# Task instructions:
Once the line holding "Charming Disney shirt" is found, output it and all remaining lines of the data exactly, with every picture left out.

# Collected material:
=-=-=-=-=

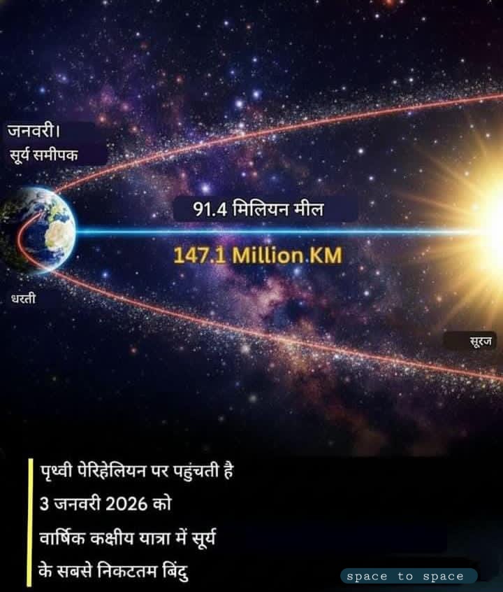 इस दिन पृथ्वी अपनी कक्षा (orbit) में सूर्य के सबसे निकटतम बिंदु पर होगी। खगोलीय गणनाओं के अनुसार, यह घटना भारतीय समयानुसार (IST) रात के लगभग 10:45 बजे (22:45 IST) या अंतरराष्ट्रीय समय के अनुसार 17:15 UTC पर होगी।
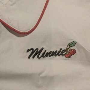 Charming Disney shirt in white with red accents. Features button-up design. Design reminds me of the 50s diner shirts. The word Minnie is printed on the chest and Minnie Mouse is printed on the back.
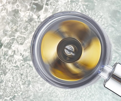 - Daje efekt obrotowy wody dzięki wbudowanej turbinie,

=-=-=-=-=

# Result:
 Charming Disney shirt in white with red accents. Features button-up design. Design reminds me of the 50s diner shirts. The word Minnie is printed on the chest and Minnie Mouse is printed on the back.
 - Daje efekt obrotowy wody dzięki wbudowanej turbinie,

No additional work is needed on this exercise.